My intuition was telling me that I should focus on what was working well and choose not to pursue more reader events. But I ignored this for Post Civ, thinking that the themes of climate and equity in this adult novel might draw more people who would be interested in discussing these topics together.

So I created a no-tech discussion, to mimic the way the characters in the post-apocalyptic book sit around the campfire and talk together. I told libraries about the discussion and booked a few of them.

You might be able to guess where this is going. No one came (except my lovely friend and editor which was kind of her, and we had a catch-up visit during the hour allotted for the Post Civ discussion).

I wasn’t particularly bothered by how these discussions failed. Most authors, at one point or another in their career, struggle to draw a crowd. I’ve never been interested in book readings or signings, which is why I thought I’d try something more inclusive, where the themes in the book are only a springboard for discussion about key issues that might interest a lot of people.

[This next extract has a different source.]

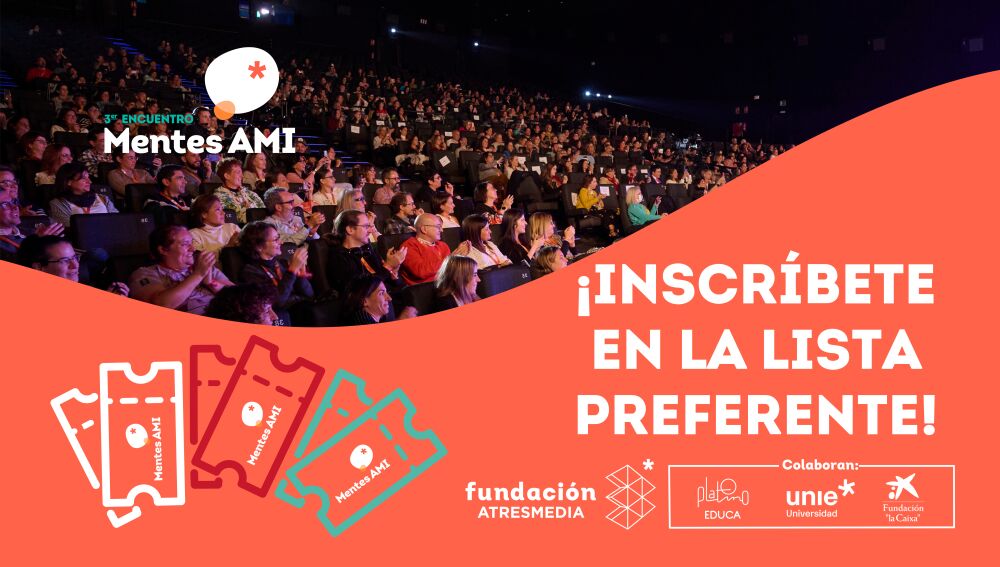 El próximo 19 de octubre, los Cines Kinépolis de Madrid acogerán el Encuentro Mentes AMI 2024, un evento organizado por la Fundación Atresmedia en colaboración con Platino Educa, UNIE Universidad y Fundación “la Caixa” dirigido a docentes de toda España. Los profesores que se inscriban en esta lista preferente tendrán la oportunidad exclusiva de conseguir la invitación una hora antes de la apertura oficial, que comenzará el 1 de octubre a las 10:00h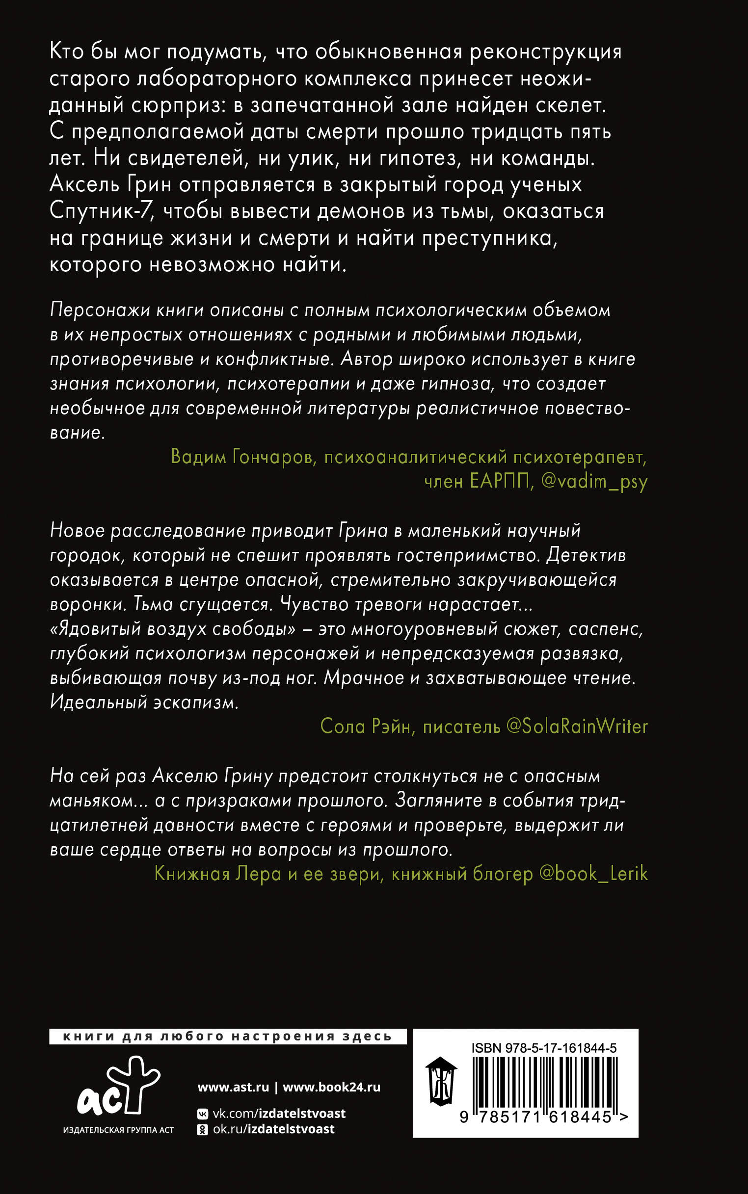 Кто бы мог подумать, что обыкновенная реконструкция старого лабораторного комплекса принесет неожиданный сюрприз: в запечатанной зале найден скелет. С предполагаемой даты смерти прошло тридцать пять лет. Ни свидетелей, ни улик, ни гипотез, ни команды. Аксель Грин отправляется в закрытый город ученых Спутник-7, чтобы вывести демонов из тьмы, оказаться на границе жизни и смерти и найти преступника, которого невозможно найти.| Издательство | Издательство "АСТ" |

I try not to take this personally. In life, we try a lot of different things, and many of those things will fail. What bothers me is that I didn’t listen to my own intuition. But I’m working on speaking more gently to myself, as part of offering nurture and care to me instead of just to other people. The key is to hold loosely and not to expect too much, of myself or of others.

I have a few more of these events scheduled in November. Maybe they will work, and maybe they won’t. I figure I’ll show up, and whatever happens was meant to happen. I’ll listen closer to my intuition when I’m planning for future books and releases and events. Things will continue to change. And trying and failing is all part of succeeding.